| TASK STATEMENT |
In the copy, include all of the listing exactly and none of its pictures.

START ENTRIES SUPPLIED

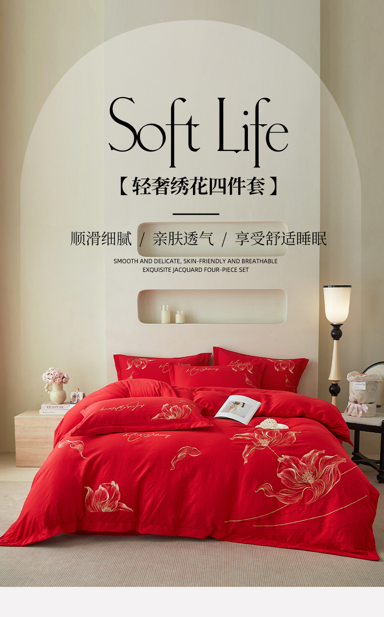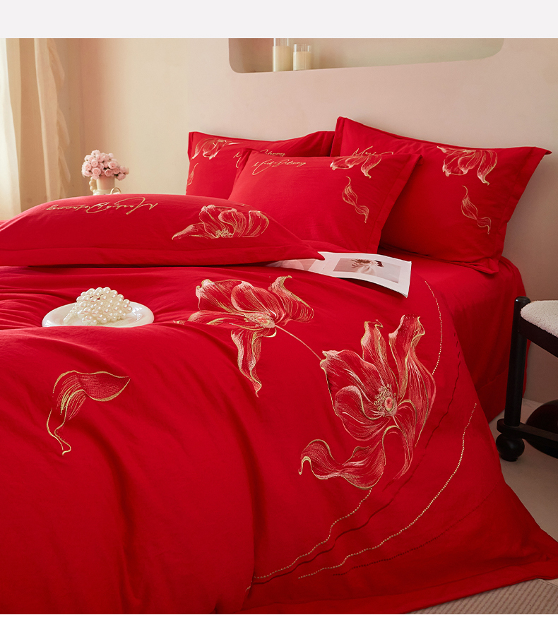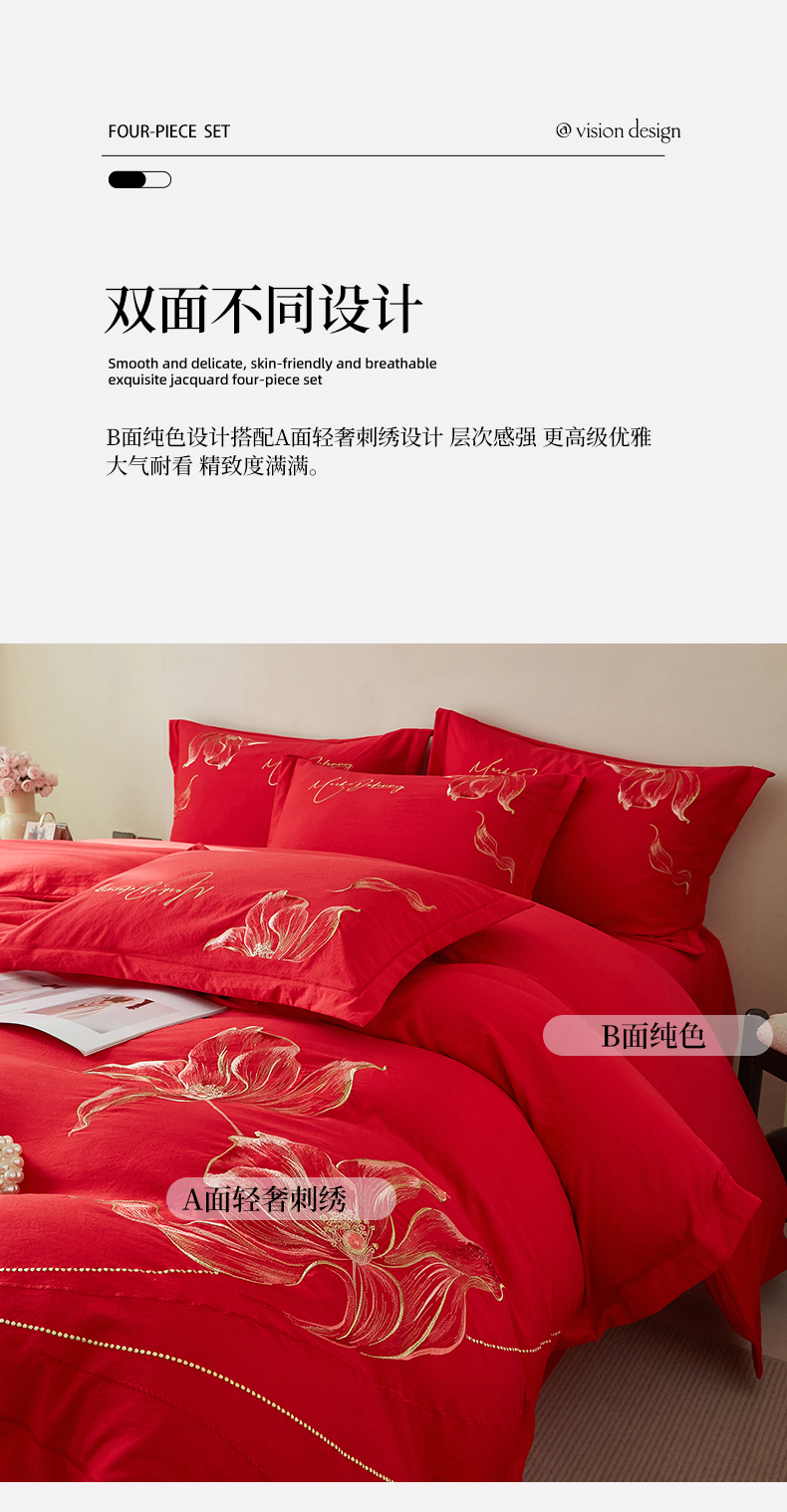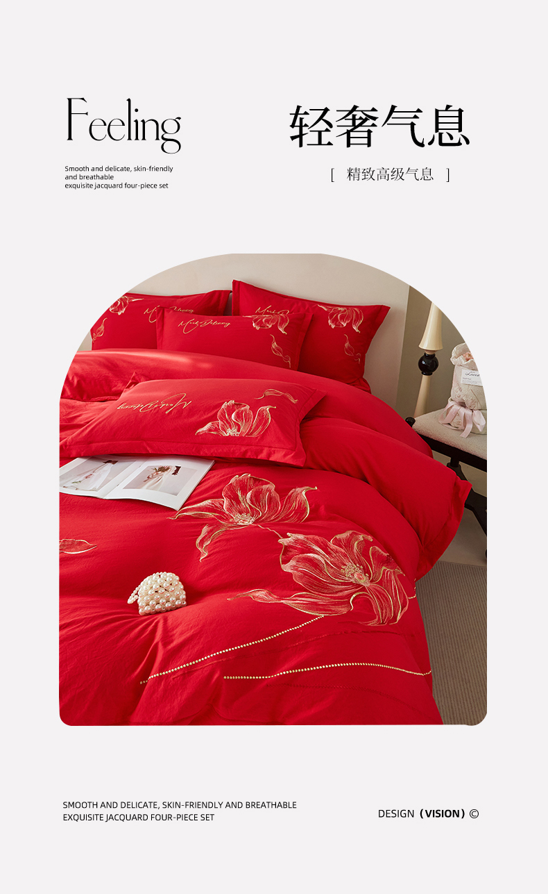 金纱玉纺家纺 2026新款轻奢工艺绣花四件套(提供买家秀) 绚丽-大红
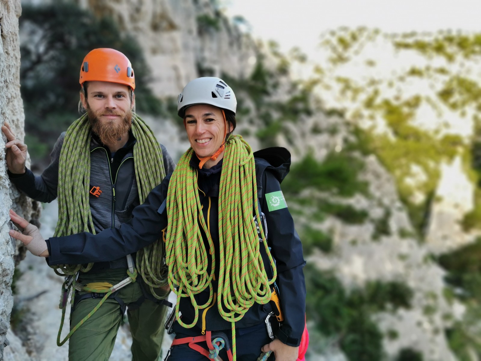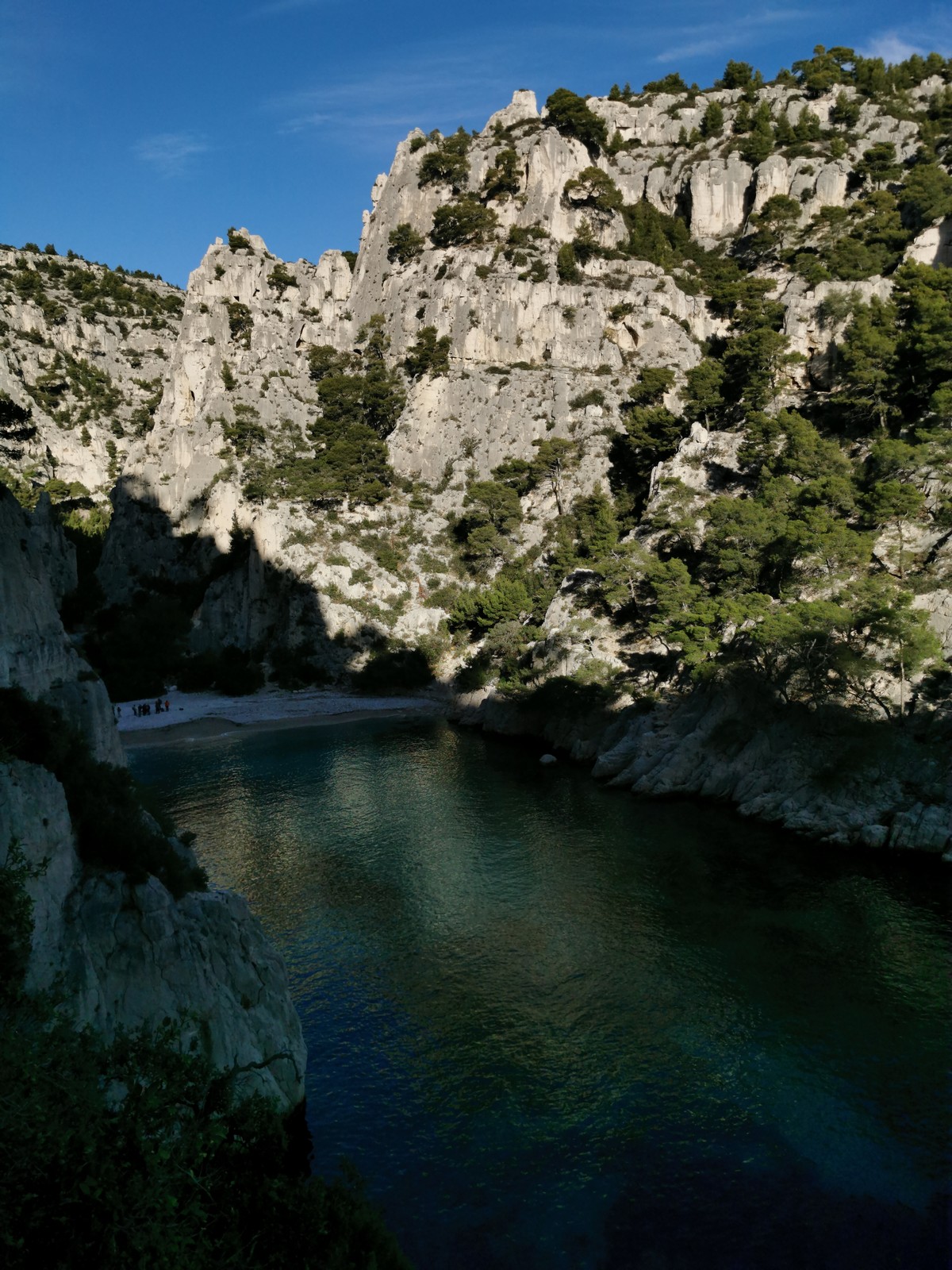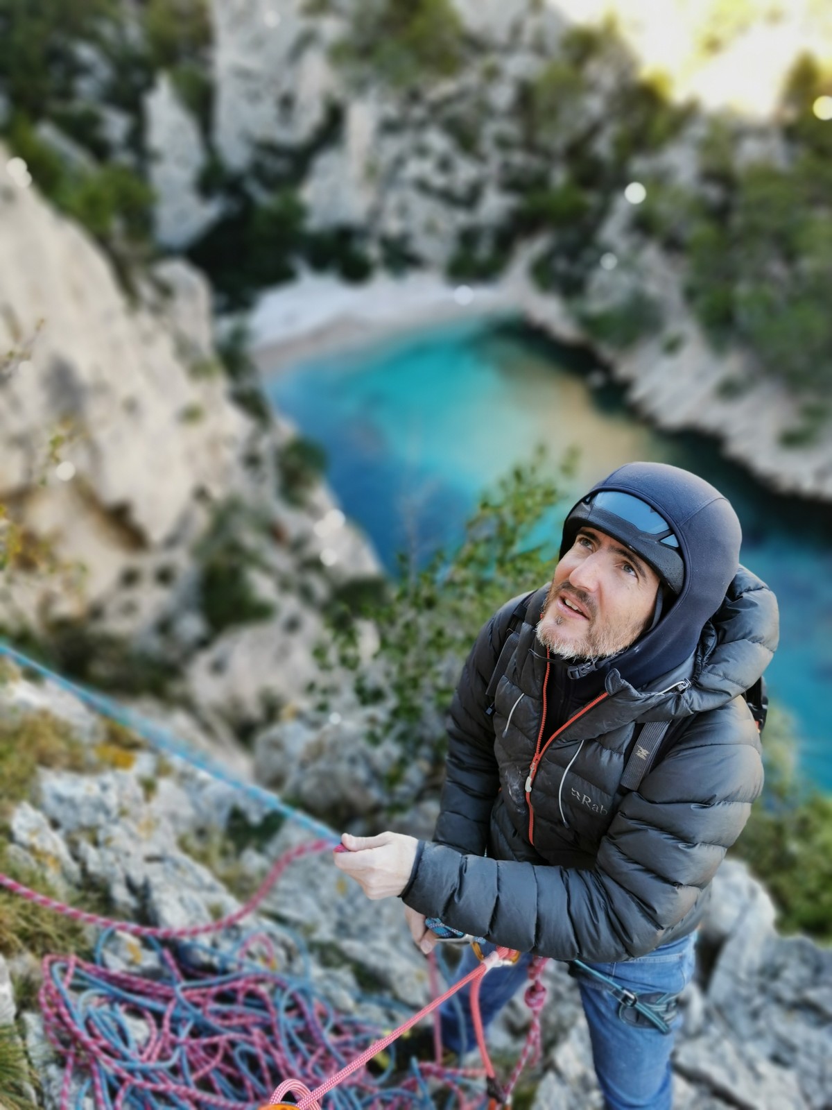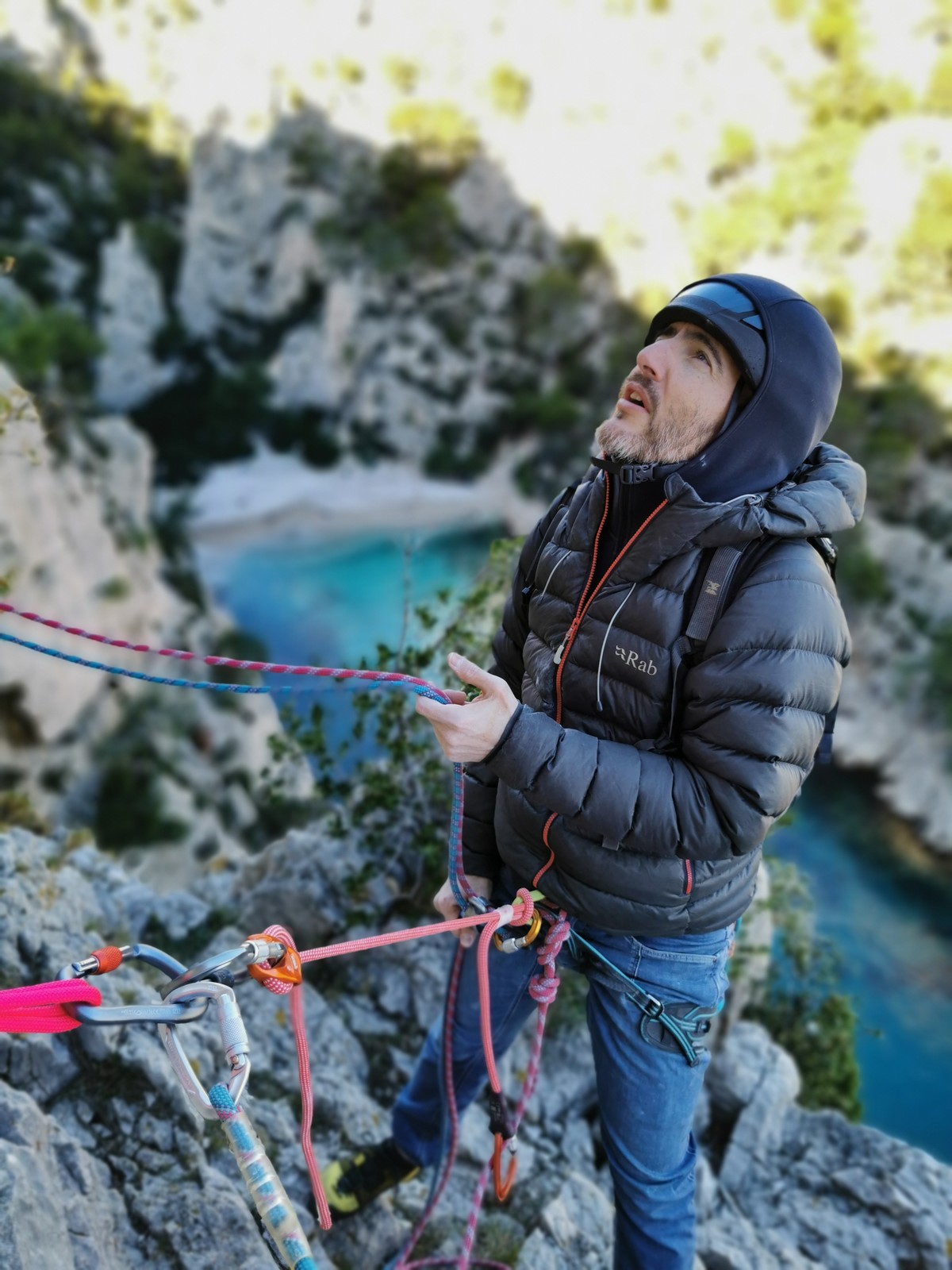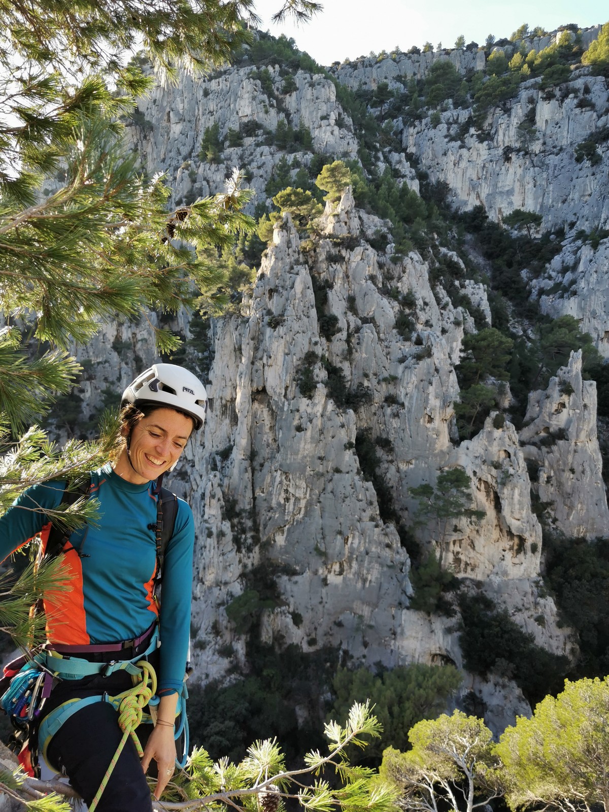 La cordée Xavier, Stéphanie et JP ont choisi la voie la plus dure du jour, le Calendal avec une longueur en 6b. Elle commence par un rappel pour aller chercher une première longueur au bord de l’eau. Ils s’installent pendant que je fais des allers et retours pour vérifier que tout le monde a ce qu’il faut. Dans la voie la plus facile, la Calanque, Djé est missionné pour s’occuper de Sandrine, fraîchement opérée de la main mais qui ne voulait manquer la journée sous aucun prétexte, et de Saliha. Derrière, Laura et Brice gagnent en responsabilité et doivent assurer avec Julien qui fait sa première grande voie.
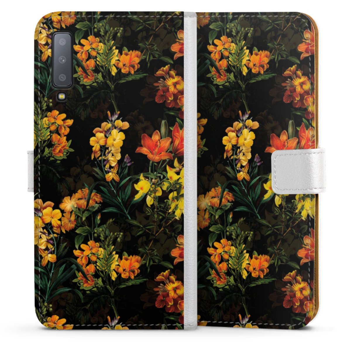 For our Sideflip Case we are using our advanced direct printing technology. The back and frontside are fully printabale, the inside of the phone bag is left unprinted. You can order the phone case without print, printed completely or also with a partial print.
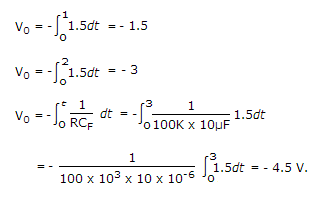 For a integrator circuit, Ri = 100 KΩ, CF = 10 μF. The input is a step dc voltage as shown below. Its output will be
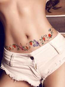 Fairycore 1pc Butterfly & Flower Henna Waist Tattoo Sticker
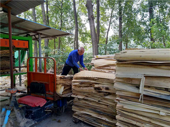 8月28日,商水縣練集鎮(zhèn)馬莊村的四紅木業(yè)有限公司板材加工車間內(nèi),機器轟鳴,工人忙著斷木、打圓、卷板,一張張板材被切割后,拉到曬板場晾曬?!坝辛诉@份收入,去年全家脫貧摘帽?!闭谲囬g里搬運板材的馬莊村貧困戶王天林對記者說。
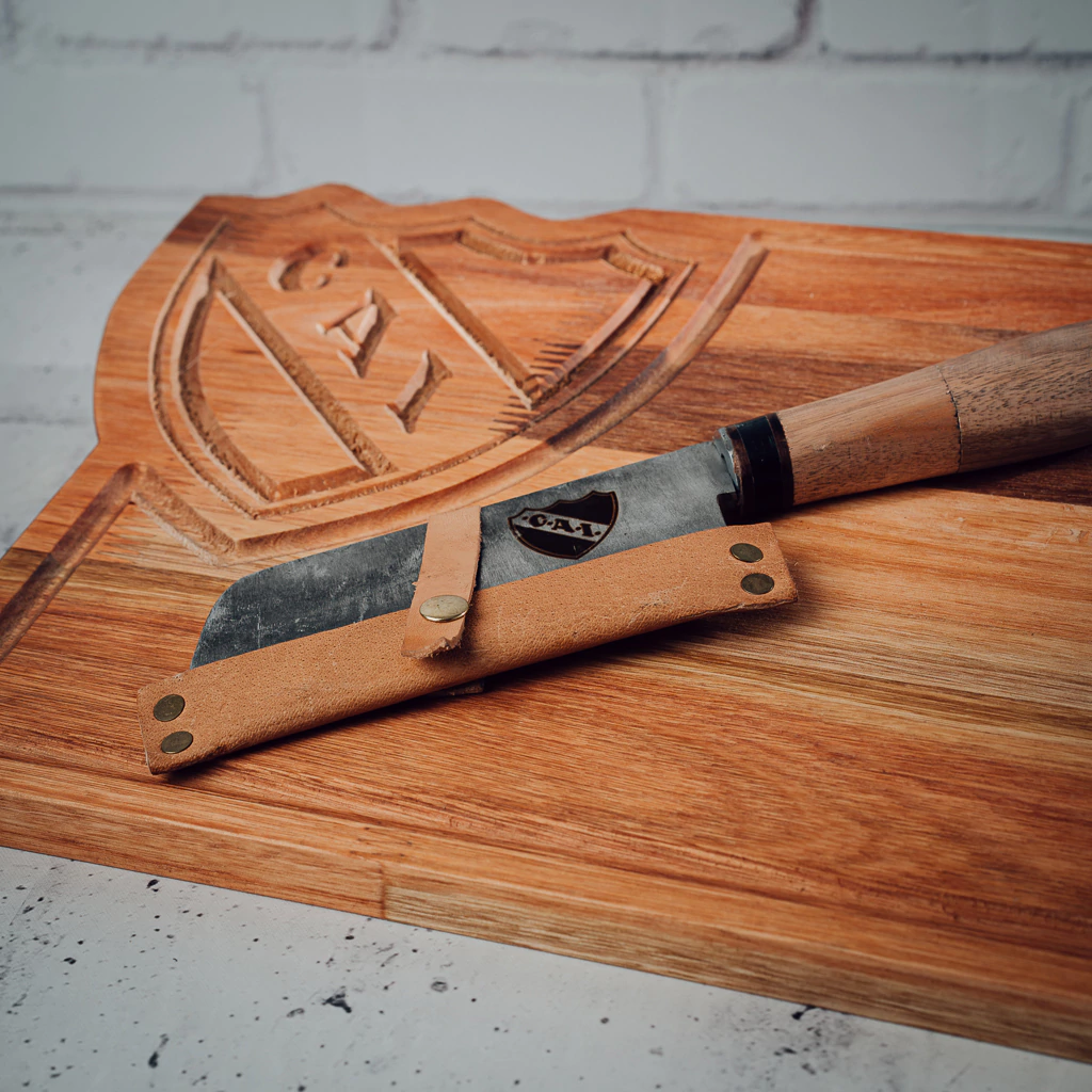 🔪 Incluye un HACHA parrillero excepcional: - Hecho con hoja de disco de arado de 16 cm. Este cuchillo no solo es funcional, sino que también está grabado con el escudo aportando un toque único a tu kit parrillero. - Además, viene con una vaina que asegura su protección y durabilidad.
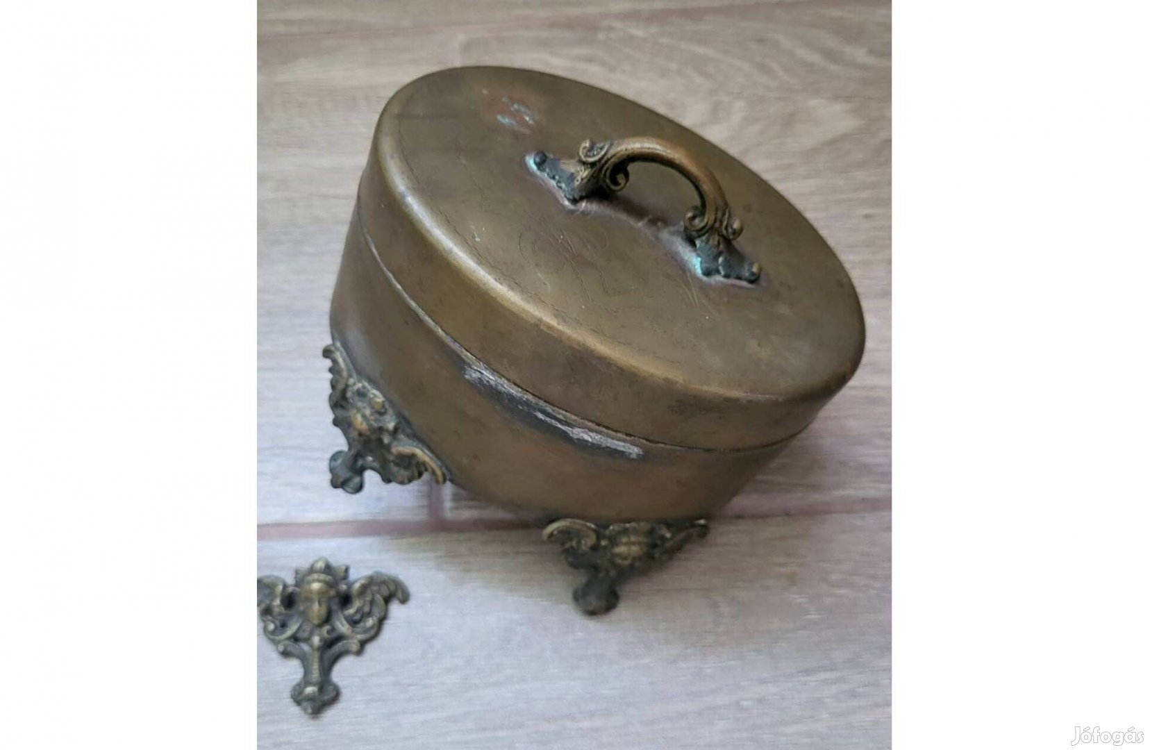 Réz kicsi ládika, tartó. Egyik lába leesett, de nem törött. Visszaragasztható.

END ENTRIES SUPPLIED

| SOLUTION TO THE PROBLEM |
 金纱玉纺家纺 2026新款轻奢工艺绣花四件套(提供买家秀) 绚丽-大红
 La cordée Xavier, Stéphanie et JP ont choisi la voie la plus dure du jour, le Calendal avec une longueur en 6b. Elle commence par un rappel pour aller chercher une première longueur au bord de l’eau. Ils s’installent pendant que je fais des allers et retours pour vérifier que tout le monde a ce qu’il faut. Dans la voie la plus facile, la Calanque, Djé est missionné pour s’occuper de Sandrine, fraîchement opérée de la main mais qui ne voulait manquer la journée sous aucun prétexte, et de Saliha. Derrière, Laura et Brice gagnent en responsabilité et doivent assurer avec Julien qui fait sa première grande voie.
 For our Sideflip Case we are using our advanced direct printing technology. The back and frontside are fully printabale, the inside of the phone bag is left unprinted. You can order the phone case without print, printed completely or also with a partial print.
 For a integrator circuit, Ri = 100 KΩ, CF = 10 μF. The input is a step dc voltage as shown below. Its output will be
 Fairycore 1pc Butterfly & Flower Henna Waist Tattoo Sticker
 8月28日,商水縣練集鎮(zhèn)馬莊村的四紅木業(yè)有限公司板材加工車間內(nèi),機器轟鳴,工人忙著斷木、打圓、卷板,一張張板材被切割后,拉到曬板場晾曬?!坝辛诉@份收入,去年全家脫貧摘帽?!闭谲囬g里搬運板材的馬莊村貧困戶王天林對記者說。
 🔪 Incluye un HACHA parrillero excepcional: - Hecho con hoja de disco de arado de 16 cm. Este cuchillo no solo es funcional, sino que también está grabado con el escudo aportando un toque único a tu kit parrillero. - Además, viene con una vaina que asegura su protección y durabilidad.
 Réz kicsi ládika, tartó. Egyik lába leesett, de nem törött. Visszaragasztható.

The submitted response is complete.